→ WORK ITEM:
Give a verbatim copy of the data, leaving the pictures out.

→ INPUT DATA:

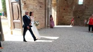 Il matrimonio, che doveva svolgersi un anno fa, era stato rinviato causa Covid. Un centinaio gli invitati, tra i quali molti personaggi del mondo del Palio, che dopo la cerimonia si sono poi trasferiti nella location ad Asciano per il rinfresco.
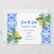 Save The Date Carreaux bleus méditerranéens et citrons pour anno
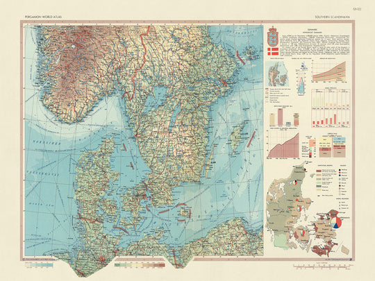 The map also includes ten smaller maps and graphics that complement the main map and provide additional insights into specific aspects of Denmark. These supplementary maps and graphics cover topics such as types of relief, climate, population, employment, industry, agriculture, animal products, and foreign trade. By incorporating these additional elements, the map becomes a comprehensive resource for anyone seeking a deeper understanding of Denmark and its surrounding areas.

→ SOLUTION TO THIS TASK:
 Il matrimonio, che doveva svolgersi un anno fa, era stato rinviato causa Covid. Un centinaio gli invitati, tra i quali molti personaggi del mondo del Palio, che dopo la cerimonia si sono poi trasferiti nella location ad Asciano per il rinfresco.
 Save The Date Carreaux bleus méditerranéens et citrons pour anno
 The map also includes ten smaller maps and graphics that complement the main map and provide additional insights into specific aspects of Denmark. These supplementary maps and graphics cover topics such as types of relief, climate, population, employment, industry, agriculture, animal products, and foreign trade. By incorporating these additional elements, the map becomes a comprehensive resource for anyone seeking a deeper understanding of Denmark and its surrounding areas.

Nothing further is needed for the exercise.